Another method to study bulk chromatin motion is displacement correlation spectroscopy (DCS) (Figure 2C) (84). Previously used to monitor the mobility of membrane proteins in living cells (92,93), DCS measures the direction and magnitude of chromatin movements simultaneously across the entire nucleus through time (84). While DCS presents a global view of chromatin dynamics, it does so using large interrogation windows of sub-micron size. Chromatin motion occurs at the nanoscale level and thus, it is necessary to develop techniques that allow for nanometer scale interrogation of the nucleus.
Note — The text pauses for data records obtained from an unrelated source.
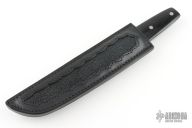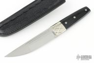 This Konjo II features a high polish "long sword point" VG-1 San Mai blade with false top edge, 1/8" blade stock, 1 1/8" blade depth. Full tapered tang construction with nickel silver dovetailed bolsters and polished black micarta handle. Includes black leather sheath and original box. Discontinued model. Has some light scratches, and patina on the bolsters, otherwise excellent condition.
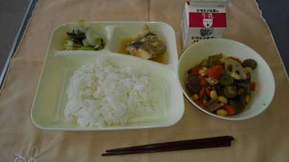 <ごはん 牛乳 さごしのおろしじょうゆかけ 五目豆 こまつなと白菜の甘酢あえ>
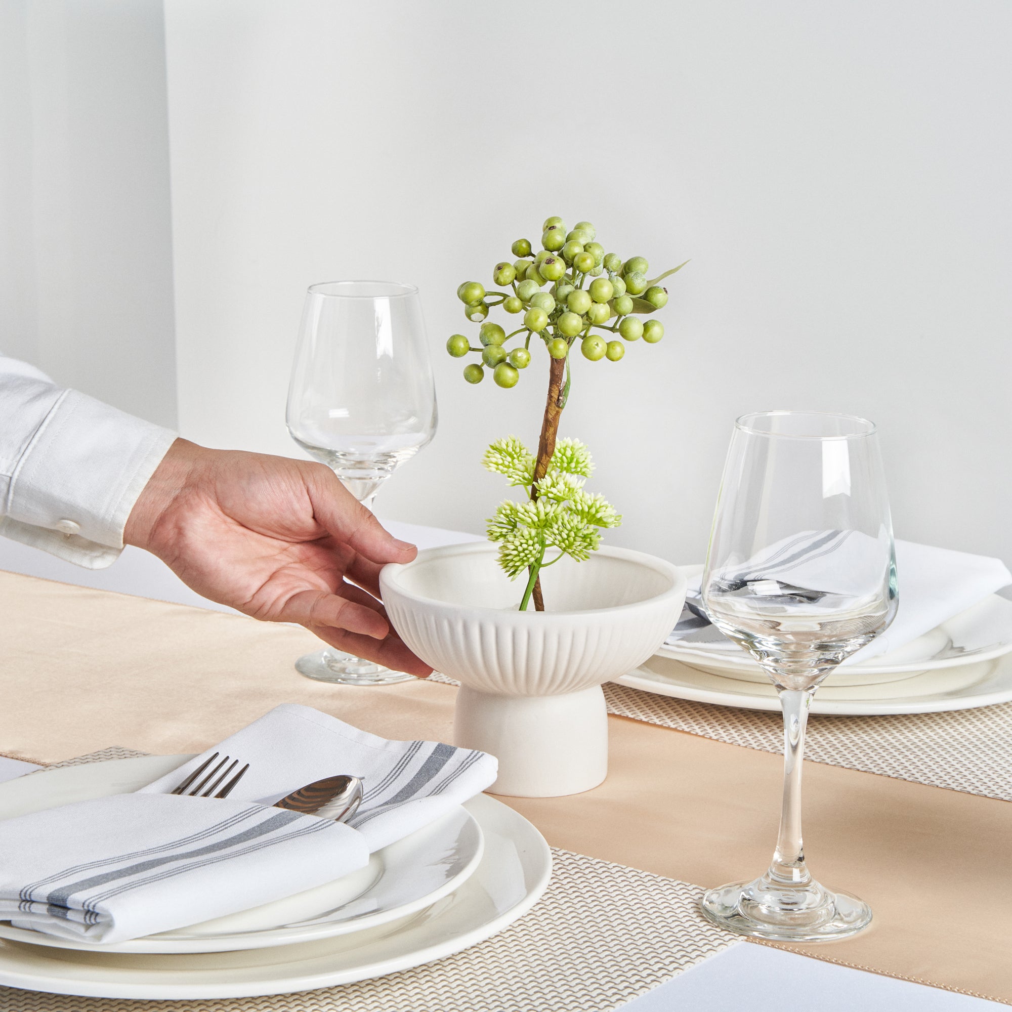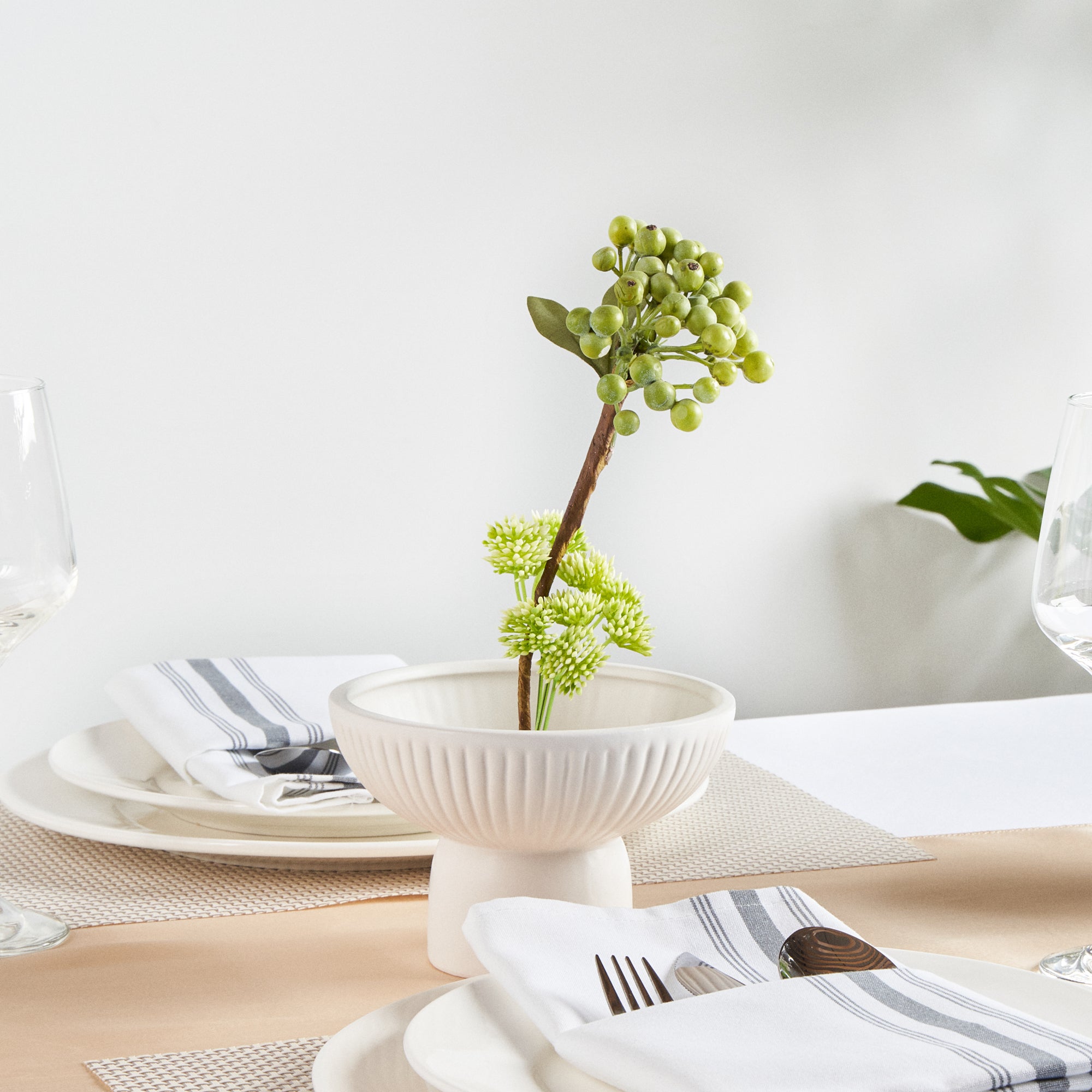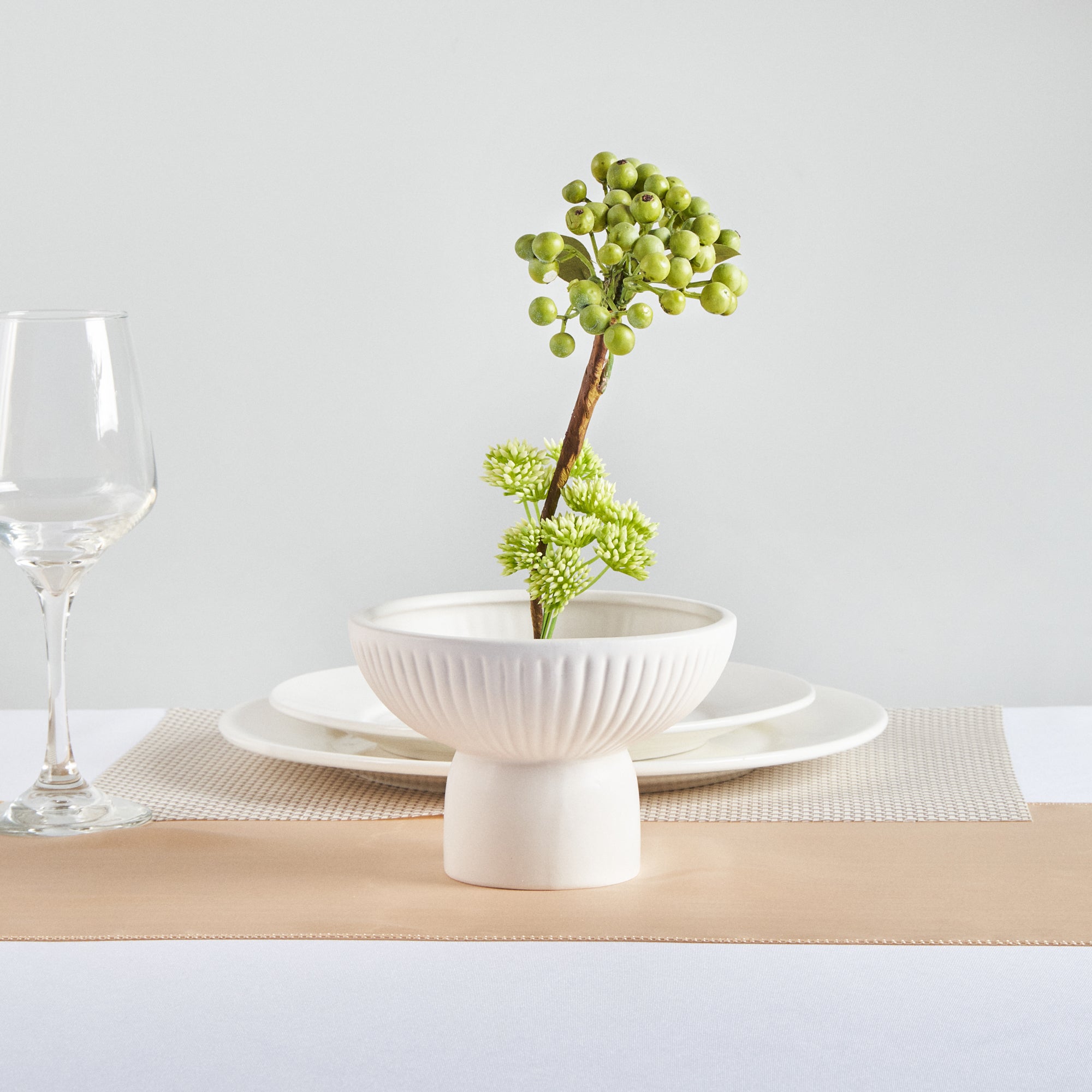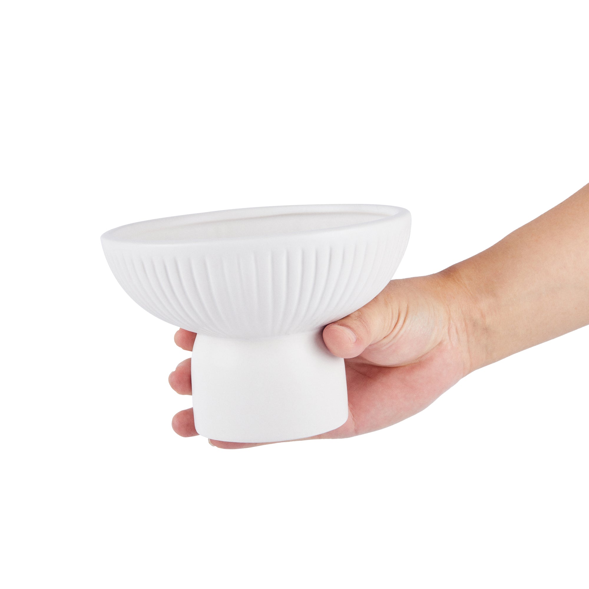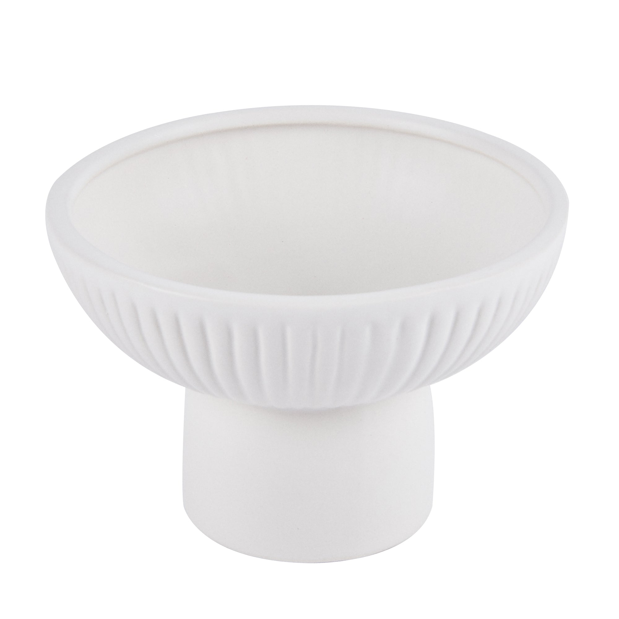 Display your refined taste in style with our Table Art White Ceramic Pedestal Vase. This ceramic vase is designed with a pedestal-inspired style, creating a sophisticated and elegant focal point that enhances any decor. The raised base of this flower vase makes a sturdy foundation and prevents tipping over, which is ideal for showcasing your blooms. With a white finish, this decorative vase adds a touch of minimalist elegance, providing a clean and timeless look. This centerpiece vase is crafted from premium ceramic, ensuring long-lasting durability and sturdiness for years to come. Suitable for various settings, this table vase complements traditional and contemporary decor styles. This white vase can be used as a solo structural accent for your decor or a vessel to display vibrant floral arrangements. For easy maintenance, this white ceramic vase can be conveniently hand washed with soap and water to maintain its pristine appearance. Measuring 6 inches in diameter by 4.1 inches in height, this white decorative vase fits perfectly in various spaces. Sold in a 1 count box.
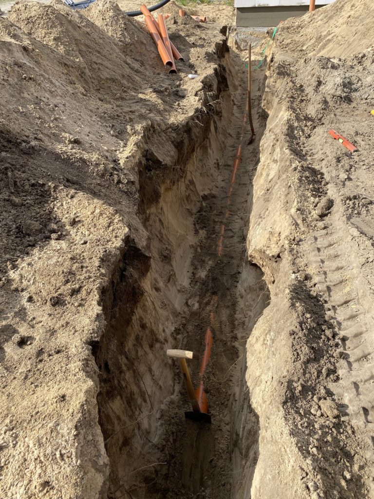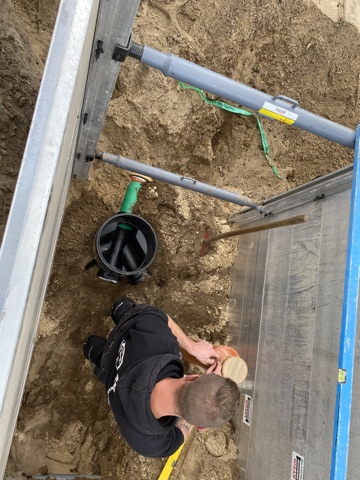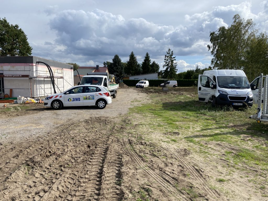 Heute früh wurde die Verbindung der Trinkwasserleitung geschweißt. Weil der nette Herr nicht die Kerbe vom Zugdraht gesehen hat, gab es dann erstmal eine Springbrunnen in der Einfahrt. Nach zwei weiteren Schweißmuffen war die Leitung dann verbunden und es spuckte und dann sprudelte zum ersten Mal Wasser im neuen Haus.

Developed to fit this need, Dense Flow reConstruction and Correlation (DFCC) allows for detection of chromatin motion at nanoscale resolution (94). DFCC utilizes Optical Flow to estimate the motion of dense fluorescently labeled chromatin by means of flow fields, thus giving access to the direction and magnitude of chromatin motion at sub-pixel resolution throughout the whole nucleus simultaneously (Figure 2D). The autocorrelation of estimated flow fields is computed and allows for coherent motion of domains to be detected and quantified. The correlation function was calculated, then fitted over space and for different time lags provides characteristic parameters of the coherently moving chromatin domains such as correlation length and the smoothness of flow fields with nano-scale resolution (94). DFCC allows for nanometer resolution of correlated motion but, it does not spatially resolve the magnitude of dynamics for a time series, from which biophysical parameters are inferred. However, DFCC can detect long-range correlated motion extending over several microns that was reduced by the inhibition of transcriptional elongation (described in detail in the following section) (94). To solve this, DFCC has been further developed into a new approach called High resolution Diffusion mapping (Hi-D) (95). Hi-D infers virtual trajectories of each pixel over time, from which information such as the Mean Square Displacement (MSD) is calculated. Bayesian interference is then used to classify the type of motion for each trajectory. Inferring the physical parameters and motion modes for each pixel avoids averaging of information from many pixels and thus provides spatially resolved motion maps of the entire nucleus (Figure 2E) (95).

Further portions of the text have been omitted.